According to Monday’s announcement, the program targets companies that use Nike+ technology, including the FuelBand and Nike+ Running app, to create products and services for athletes to get help in training, coaching, and data visualization.
The accelerator, which will be based near Nike’s Portland, Ore. headquarters, will accept ten companies to participate and be mentored by Nike executives and other tech industry leaders. Mentors include Stefan Olander, Nike’s Vice President of Digital Sport; David Cohen, founder and CEO of TechStars; Naveen Selvadurai, co-founder of Foursquare; and quantified-self expert Tim Ferriss.
TechStars, which was founded in 2007 and says 120 of its companies have raised north of $200 million in venture capital to date, operates out of five cities.
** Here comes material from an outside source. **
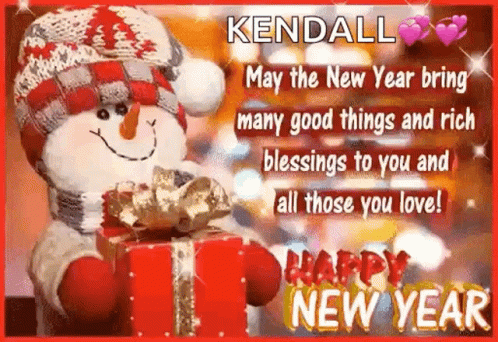 A festive New Year greeting card featuring a snowman holding a gift, with a special message for Kendall.

The new Nike accelerator and the Microsoft Accelerator are the only two programs that it powers outside of its traditional accelerators.
Given the momentum behind quantified self fitness and health tracking gadgets and software, Nike’s interest in supporting sports and fitness innovation makes plenty of sense. In addition to Nike’s technology, companies like Fitbit, Striiv and Jawbone help people monitor their physical activity. By supporting startups in digital health and fitness, Nike can stay ahead of the curve and encourage more fitness-focused companies to use Nike technologies.